Did you get the reversing camera retrofitted? I'm looking at the one on Hazy Days website and it looks quite good. I don't have the parking sensors but have you found the reversing camera to be quite useful?

Also, what is the little LED light like? Does it look a bit odd next to the normal license plate light?


----------



## CWJ (Aug 24, 2010)

I had mine fitted by Hazzy Dayz. Like yourself I had no parking sensors and didn't like the aftermarket appearance when retrofitted. The camera is excellent an gives you a very good view of everything behind you. The built-in LED is actually very similar to the native bulb although there is a subtle difference. The camera is slightly more costly but I would highly recommend it.

I can post a pic tomorrow if you like?


----------



## steem21 (Jun 27, 2009)

That would be great! thanks. For a few more bucks, it seems better than having the parking sensors sitting proud of the bodywork.


----------



## JETLAG (Nov 23, 2005)

Hey Guys,

If you could post some pics that would be great


----------



## CWJ (Aug 24, 2010)

Pictures as promised.

The actual unit looks exactly like a normal registration light so I didn't bother taking a picture of it.
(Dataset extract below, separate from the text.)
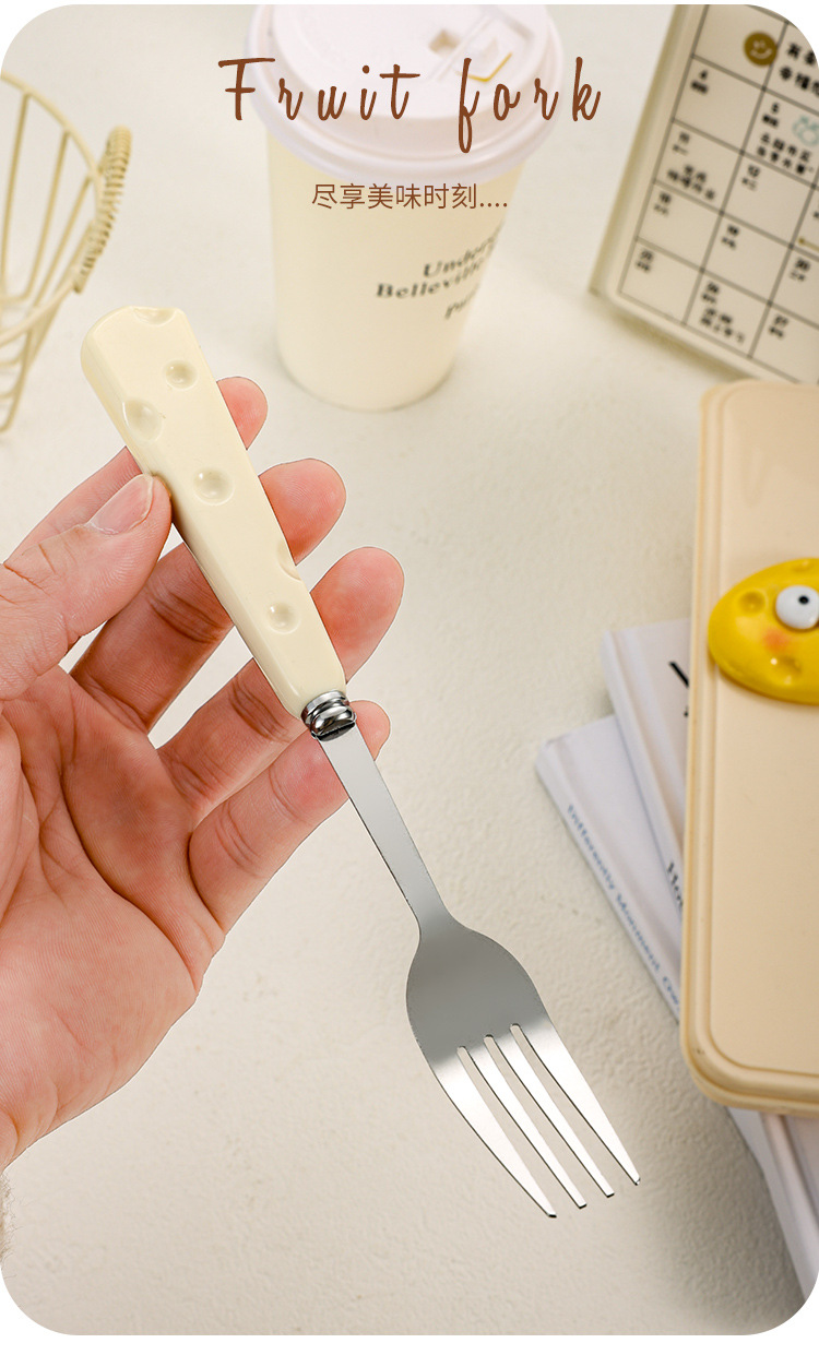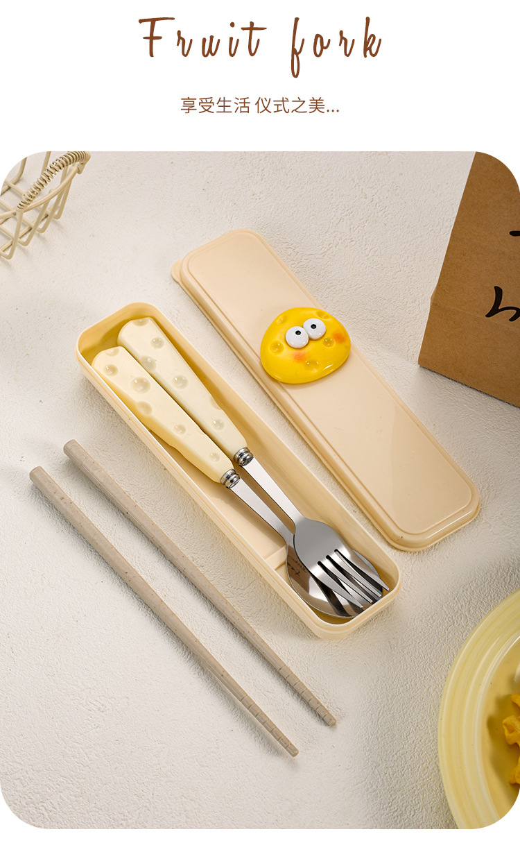 批发学生便携三件套餐具韩式奶酪不锈钢勺筷子套装高颜值卡通饭勺

You can see from the first picture that the bootlid partially obscures the view but this detracts minimally from its usefulness.


----------



## steem21 (Jun 27, 2009)

Thanks for the pictures CWJ! It looks like a nice and discrete installation. I have one worry. It looks like the angle of view from the camera is a bit narrow (I'm not meaning the area cut off by the boot lid). I'm worried the camera won't see obstacles at the extreme edges of the bumper. Is that a problem/worry that you have found with using the camera?


----------



## CWJ (Aug 24, 2010)

To be honest it has never been a problem as normally whatever is just outside the view is visible in your mirrors. Having previously had parking sensors on another car which can miss things like bollards and poles I think this is much better.


----------



## steem21 (Jun 27, 2009)

Thanks for the feedback CWJ! The reversing camera looks like a winner!


----------



## YoungOldUn (Apr 12, 2011)

Has anyone looked into the possibility of fitting a reversing camera to their car which displays the trajectory lines on the RNS-e screen ala the one that can be fitted to a R8?


----------



## JETLAG (Nov 23, 2005)

So Has anyone else fitted a reversing camera?


----------



## IC_HOTT (May 29, 2010)

I have the camera (wireless), the IMA Kufatec adaptor, the cable, the VCDS, the RSNE, the car :wink: , the inclination - just dont have the time :evil:


----------